Exercise data:

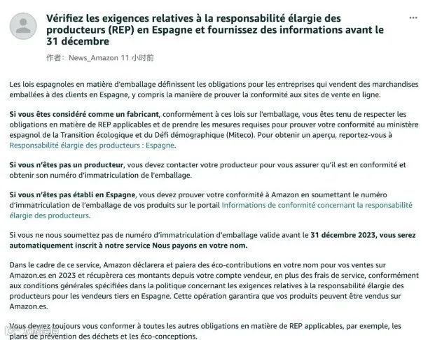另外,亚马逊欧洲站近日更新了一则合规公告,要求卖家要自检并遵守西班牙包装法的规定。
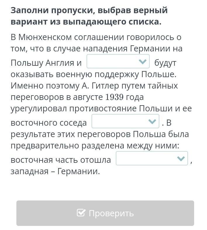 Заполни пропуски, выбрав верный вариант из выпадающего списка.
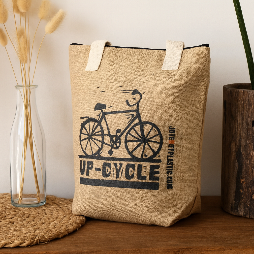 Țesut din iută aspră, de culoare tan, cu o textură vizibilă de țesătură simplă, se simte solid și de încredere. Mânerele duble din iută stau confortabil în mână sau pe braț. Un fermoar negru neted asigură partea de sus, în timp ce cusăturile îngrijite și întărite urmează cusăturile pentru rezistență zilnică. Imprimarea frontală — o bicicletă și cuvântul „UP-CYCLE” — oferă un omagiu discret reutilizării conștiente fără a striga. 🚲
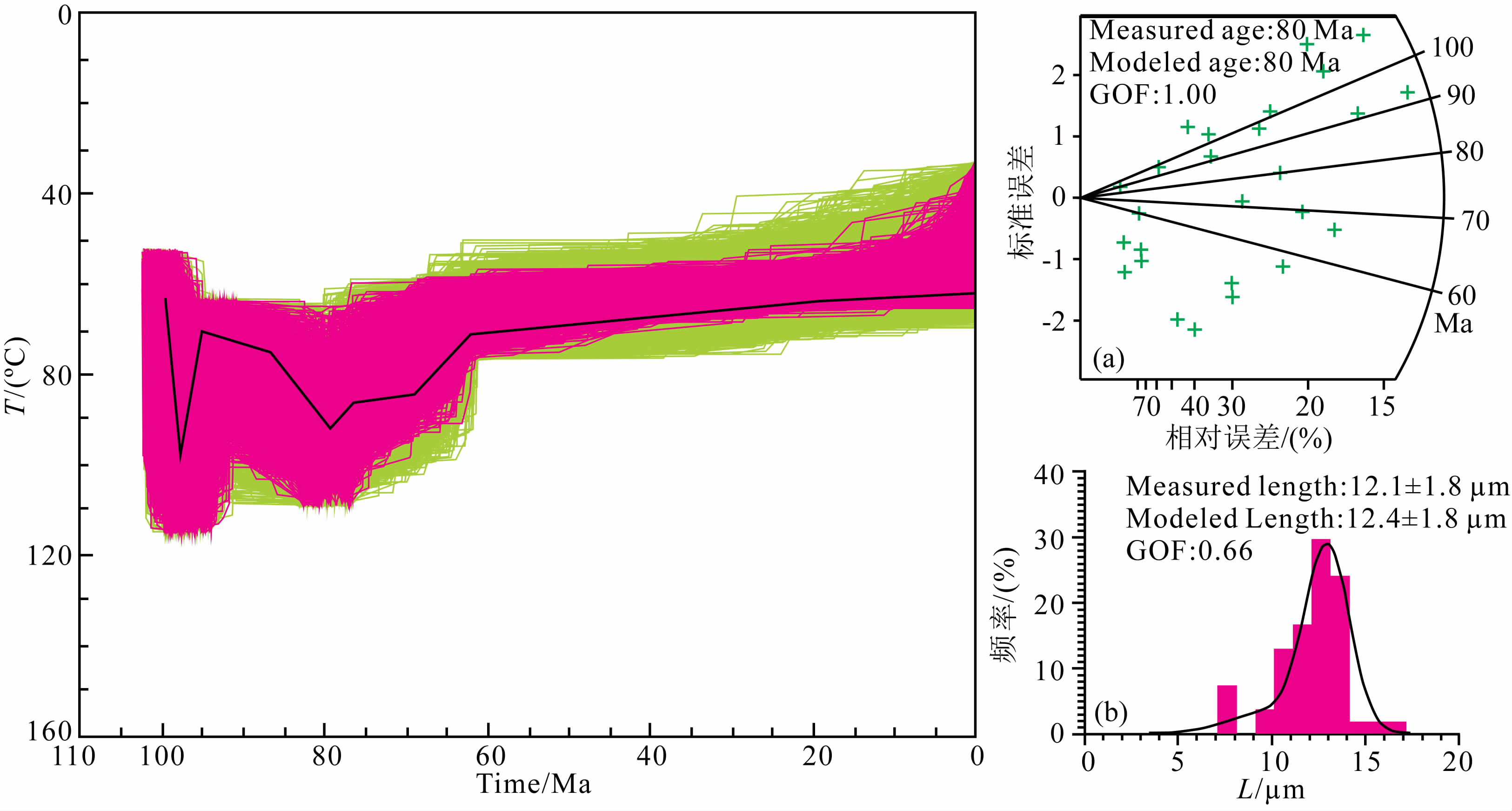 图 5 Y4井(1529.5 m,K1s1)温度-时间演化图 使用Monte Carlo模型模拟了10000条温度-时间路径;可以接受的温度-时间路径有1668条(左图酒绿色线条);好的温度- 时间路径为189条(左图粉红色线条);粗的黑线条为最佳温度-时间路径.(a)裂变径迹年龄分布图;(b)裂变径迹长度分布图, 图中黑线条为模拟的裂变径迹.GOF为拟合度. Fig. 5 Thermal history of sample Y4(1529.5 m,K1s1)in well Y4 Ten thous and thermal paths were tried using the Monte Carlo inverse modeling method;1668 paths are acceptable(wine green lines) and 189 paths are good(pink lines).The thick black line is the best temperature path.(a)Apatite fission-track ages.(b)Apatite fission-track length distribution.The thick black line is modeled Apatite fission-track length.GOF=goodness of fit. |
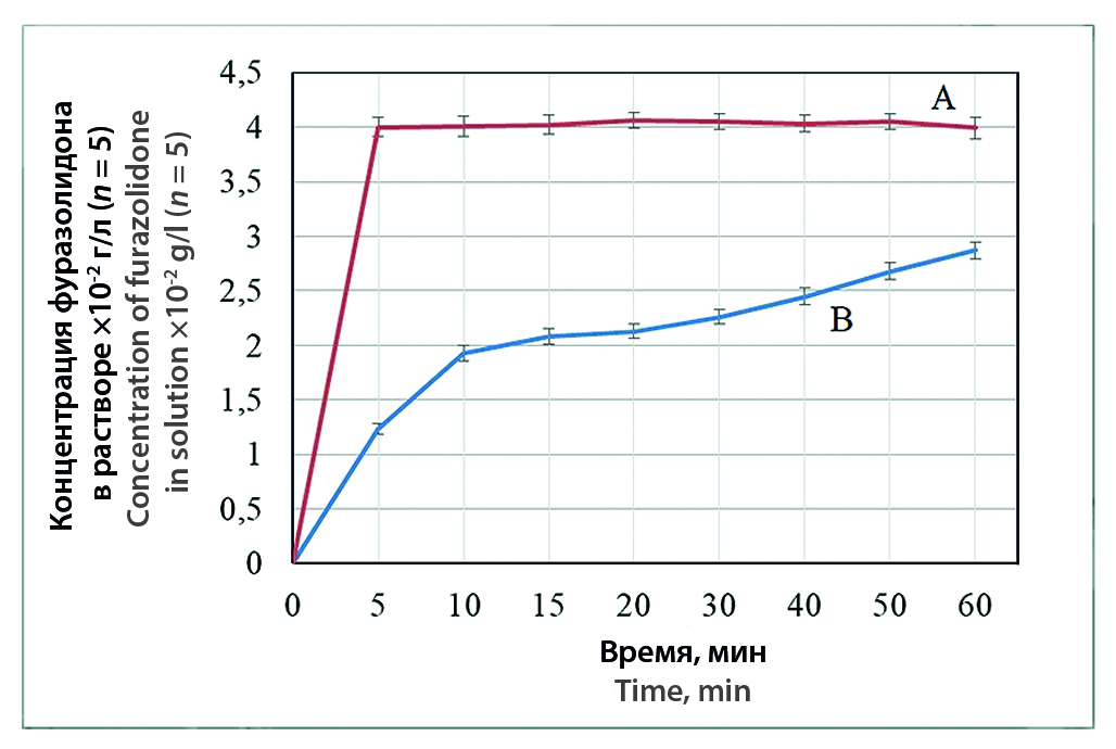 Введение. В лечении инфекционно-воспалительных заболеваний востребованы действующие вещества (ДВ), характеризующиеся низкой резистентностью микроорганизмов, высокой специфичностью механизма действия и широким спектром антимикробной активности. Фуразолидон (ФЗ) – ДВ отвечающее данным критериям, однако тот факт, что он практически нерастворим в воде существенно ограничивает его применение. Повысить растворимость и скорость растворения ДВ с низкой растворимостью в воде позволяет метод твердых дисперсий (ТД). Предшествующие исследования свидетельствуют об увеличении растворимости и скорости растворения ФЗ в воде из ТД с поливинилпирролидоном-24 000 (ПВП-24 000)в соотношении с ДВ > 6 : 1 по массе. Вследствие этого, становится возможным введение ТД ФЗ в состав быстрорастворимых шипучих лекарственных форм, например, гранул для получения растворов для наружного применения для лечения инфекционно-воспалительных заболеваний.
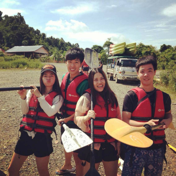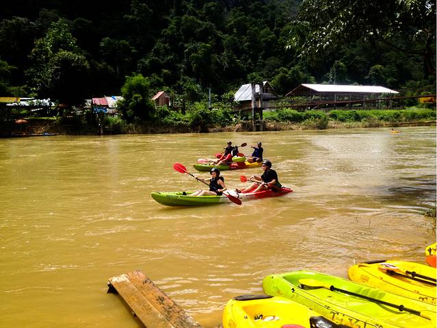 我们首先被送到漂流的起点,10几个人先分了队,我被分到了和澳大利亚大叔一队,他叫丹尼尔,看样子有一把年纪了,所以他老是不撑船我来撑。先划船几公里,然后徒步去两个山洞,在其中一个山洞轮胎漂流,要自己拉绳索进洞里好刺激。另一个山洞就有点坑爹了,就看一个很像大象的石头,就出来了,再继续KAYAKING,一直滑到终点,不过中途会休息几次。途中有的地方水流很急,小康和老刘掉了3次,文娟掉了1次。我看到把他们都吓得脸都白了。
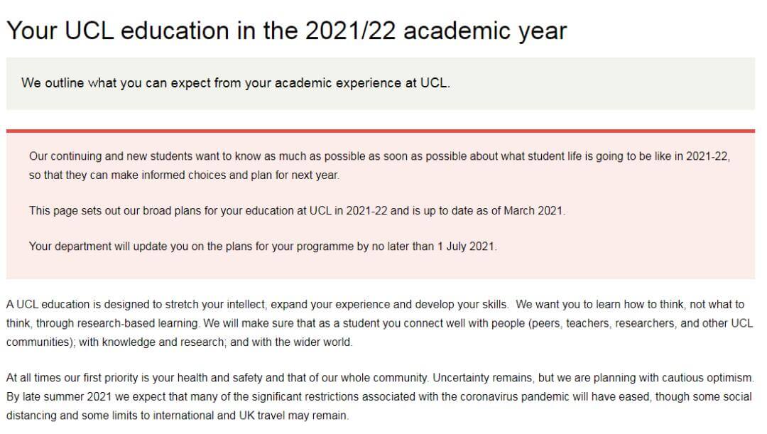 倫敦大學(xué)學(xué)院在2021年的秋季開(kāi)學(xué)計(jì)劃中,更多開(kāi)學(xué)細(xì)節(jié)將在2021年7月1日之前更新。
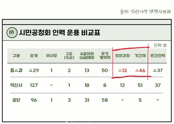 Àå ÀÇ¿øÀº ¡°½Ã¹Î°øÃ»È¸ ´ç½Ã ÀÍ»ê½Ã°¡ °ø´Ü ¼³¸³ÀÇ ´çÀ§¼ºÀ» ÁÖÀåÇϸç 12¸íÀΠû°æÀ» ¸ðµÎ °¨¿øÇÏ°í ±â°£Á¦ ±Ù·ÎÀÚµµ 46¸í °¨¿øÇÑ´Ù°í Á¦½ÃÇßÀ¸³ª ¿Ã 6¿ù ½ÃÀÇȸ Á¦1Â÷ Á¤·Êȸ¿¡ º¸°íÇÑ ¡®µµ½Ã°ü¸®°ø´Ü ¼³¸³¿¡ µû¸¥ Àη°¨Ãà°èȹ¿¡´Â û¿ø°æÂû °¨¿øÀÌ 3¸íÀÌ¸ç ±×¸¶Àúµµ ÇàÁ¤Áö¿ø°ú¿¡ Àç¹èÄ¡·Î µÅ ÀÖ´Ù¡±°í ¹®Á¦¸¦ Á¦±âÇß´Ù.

...

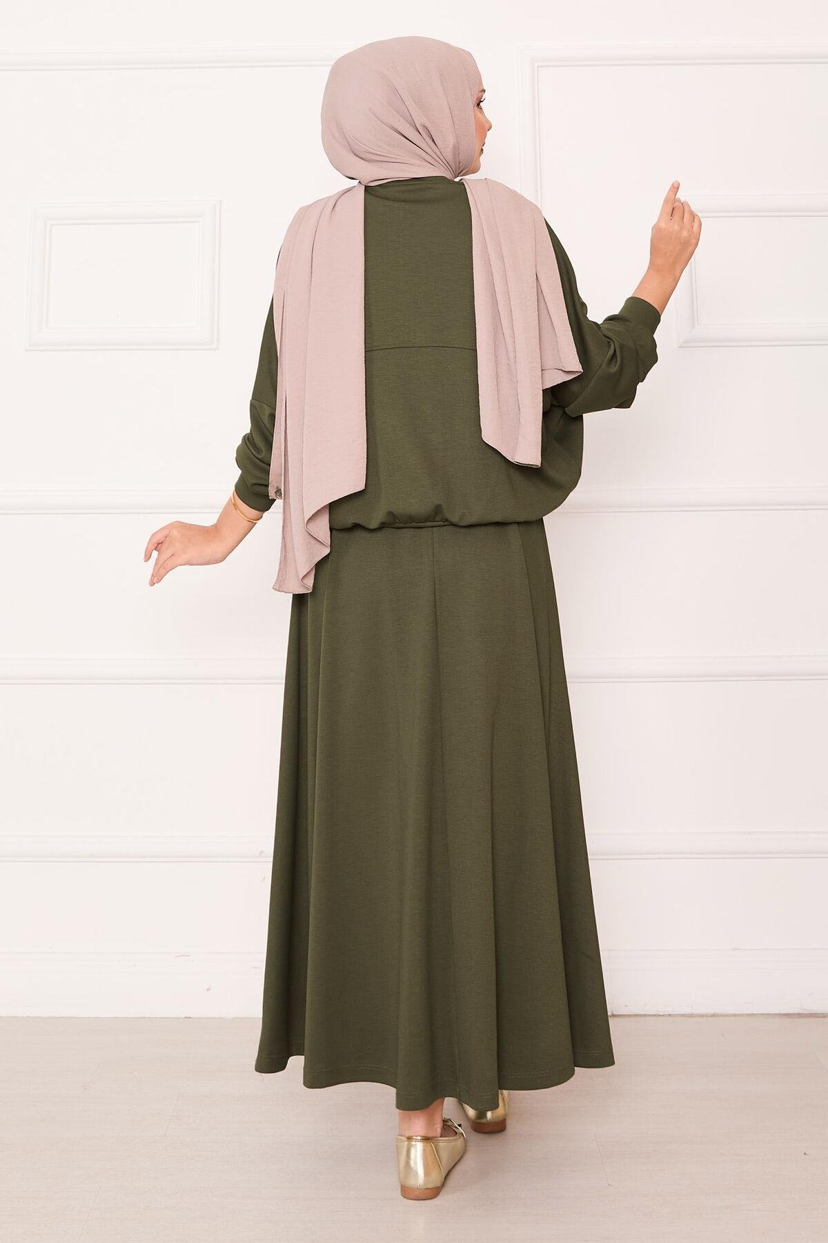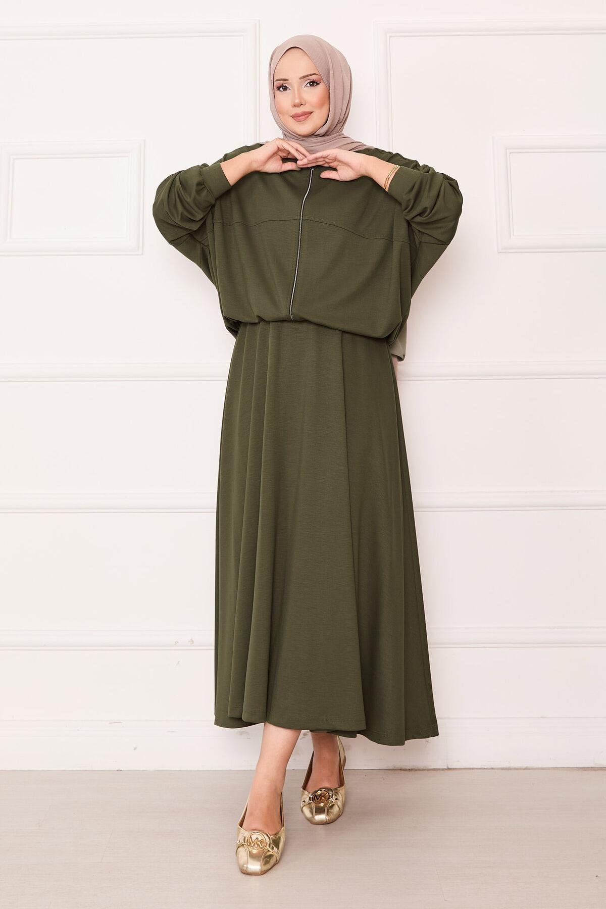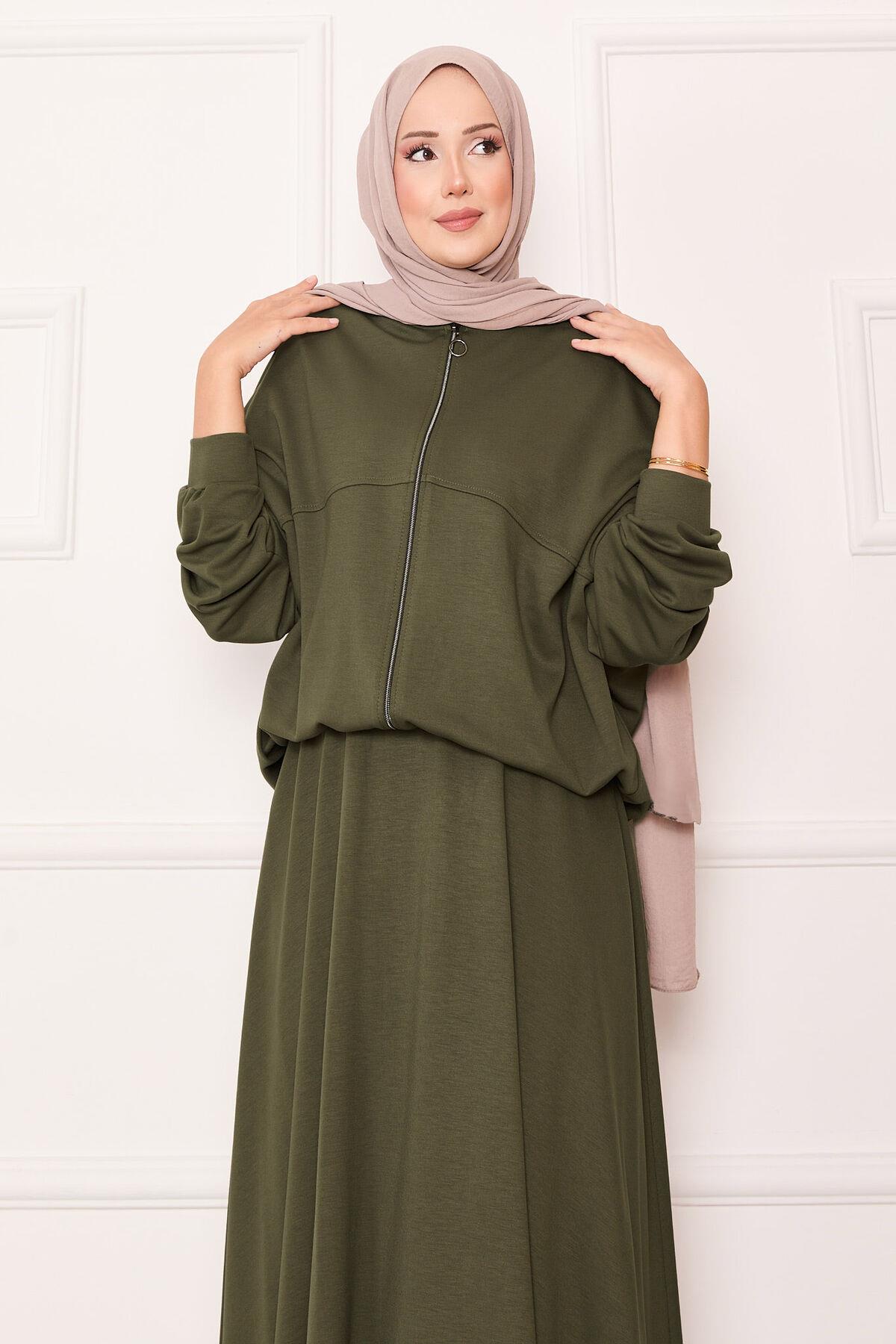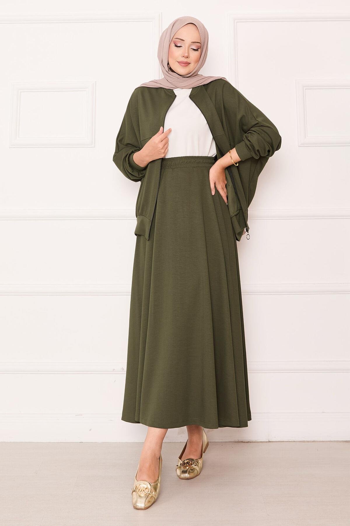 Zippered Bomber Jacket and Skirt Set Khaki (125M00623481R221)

==

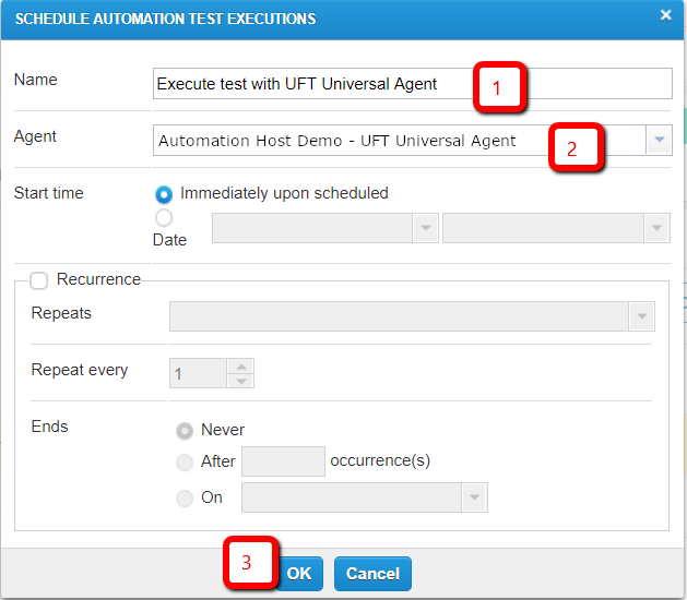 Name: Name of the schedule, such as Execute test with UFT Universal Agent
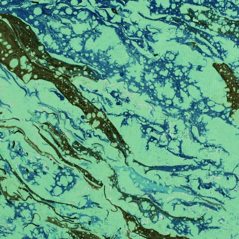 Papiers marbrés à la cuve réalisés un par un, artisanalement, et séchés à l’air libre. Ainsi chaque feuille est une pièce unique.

Exercise brief: All that should be printed is the run of lines above from the one with "Name: Name of" through the one with "Papiers marbrés à", both included, exactly as given, with pictures left out.

Your response:
 Name: Name of the schedule, such as Execute test with UFT Universal Agent
 Papiers marbrés à la cuve réalisés un par un, artisanalement, et séchés à l’air libre. Ainsi chaque feuille est une pièce unique.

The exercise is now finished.